Выбрать главу

И чего это вдруг подобная мысль пришла ему в голову? Возможно, все дело в том, что он слишком много читал, а отец слишком увлекательно рассказывал ему о головокружительной карьере Бомарше.

Но одно дело — благосклонно относиться к изящной словесности и держать в книжном шкафу творения классиков, и совсем другое дело — самому заниматься литературой и пытаться этим составить себе состояние.

Бернар-Франсуа Бальзак говорил сыну:

— Каждый знает, что писатели, за редкими исключениями, которых можно по пальцам пересчитать, живут впроголодь и вообще — голодранцы. Нанизывать на строки слова в уединенной тиши кабинета — это роскошь, которую может себе позволить благородный человек, но делать это профессией — это странность, если не сказать сумасшествие.

С отцом Бальзака трудно не согласиться — во все времена писательство было делом весьма сомнительным. Но при этом во все времена находились люди, которые бросались в этот омут и не могли уже выбраться оттуда. Его сын еще не видел своего имени на обложке свеженапечатанной книги, но вирус писательства, который отделяет автора от так называемых «остальных» и побуждает его совершать бессмысленные с точки зрения нормальных людей поступки, уже мощно прогрессировал в его мозгах.

Глава вторая. Гений с мансарды

Я был жертвой чрезмерного честолюбия, я полагал, что рожден для великих дел, — и прозябал в ничтожестве…

Бальзак. Шагреневая кожа

В августе 1819 года Бальзак поселился в Париже в маленькой мансарде на улице Ледигьер с четко оформившимся желанием стать писателем. О реакции на это его родителей догадаться нетрудно: неожиданное заявление двадцатилетнего юноши, что он хочет стать человеком творческой профессии, а отнюдь не юристом, — это было как гром среди ясного неба.

Сын решил отказаться от надежной и благопристойной карьеры? Конечно, это его право. В двадцать лет человек уже может принимать серьезные решения. Но ради чего? Ради такого сомнительного ремесла, как сочинительство? Но где тут гарантии? Где уверенность в стабильном доходе?
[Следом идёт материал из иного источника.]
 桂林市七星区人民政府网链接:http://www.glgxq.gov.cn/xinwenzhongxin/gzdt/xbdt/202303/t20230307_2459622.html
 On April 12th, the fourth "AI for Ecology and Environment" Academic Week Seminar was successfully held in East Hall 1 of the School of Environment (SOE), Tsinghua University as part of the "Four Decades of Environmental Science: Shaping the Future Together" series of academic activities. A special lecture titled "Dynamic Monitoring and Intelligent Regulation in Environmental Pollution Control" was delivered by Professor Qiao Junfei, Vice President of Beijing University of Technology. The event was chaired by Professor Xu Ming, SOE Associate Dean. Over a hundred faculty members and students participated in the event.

С этой точки зрения, заниматься литературой — это то же самое, что бегать нагишом среди пчелиных ульев. Тут может быть лишь одна гарантия — гарантия того, что тебя покусают. Отец даже сказал Бальзаку, что по сравнению с писательством игра на скачках — более солидное и надежное в финансовом плане занятие. А тем, о чем мечтает он, могут себе позволить заниматься только всякие там графы и виконты типа месье де Шатобриана или месье де Ламартина.

Сам Бальзак думал иначе. Для себя он твердо решил, что согласится выйти на работу в нотариальную или адвокатскую контору лишь в том случае, если обнаружится, что у него совершенно нет таланта к сочинительству.
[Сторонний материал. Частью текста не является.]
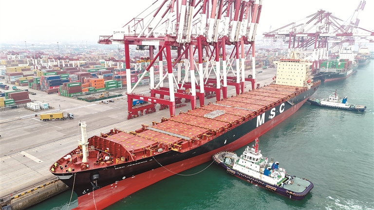 1月4日,澳洲直航新航線首班船舶靠泊山東港口青島港,標志著該港2026年首條外貿(mào)新航線正式開通。圖為澳洲直航新航線首班船舶——“地中海杰西尼亞”輪靠泊山東港口青島港。新華社發(fā)(張進剛 攝)
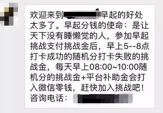 而今,这种模式早已被搬到互联网上。以往更多的是各种跑步圈、减肥圈的各种群。同样的模式:也是每天每个人都上缴一定的群费给群主代收,每天早上规定的时间在群里面打卡,按时打卡的人都会有相应的红包,没有按时打卡的人当天的群费就给大家平分了,每天如此。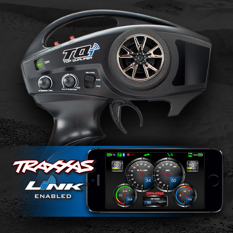 W pełni funkcjonalny system radiowy TQi 2,4GHz zapewnia najwyższą jakość, precyzję i kontrolę wymaganą do prowadzenia Desert Racer'a po pustyni . Nadajnik jest przystosowany do współpracy z systemem Traxxas Link, co pozwala na wykorzystanie wszystkich opcji regulacyjnych oraz korzystanie z informacji telemetrii w czasie rzeczywistym

Пока мать возмущалась, поддерживаемая дядюшкой Дабленом, бывшим торговцем скобяными товарами, который, по словам А. Моруа, «слыл оракулом в своем кругу, где его считали образцом просвещенного человека, обладавшего тонким вкусом», отец, человек жесткий и решительный, заявил:

— Коль скоро наш сын утверждает, что у него есть литературный талант, пусть докажет это на деле.

— Каким же это, интересно, образом? — удивились все остальные родственники.

— А вот каким: дадим ему возможность попробовать свои силы. Срок — два года, ни днем больше. Такого срока вполне достаточно, чтобы понять, что это: ответственное решение мужчины или обыкновенная мальчишеская блажь.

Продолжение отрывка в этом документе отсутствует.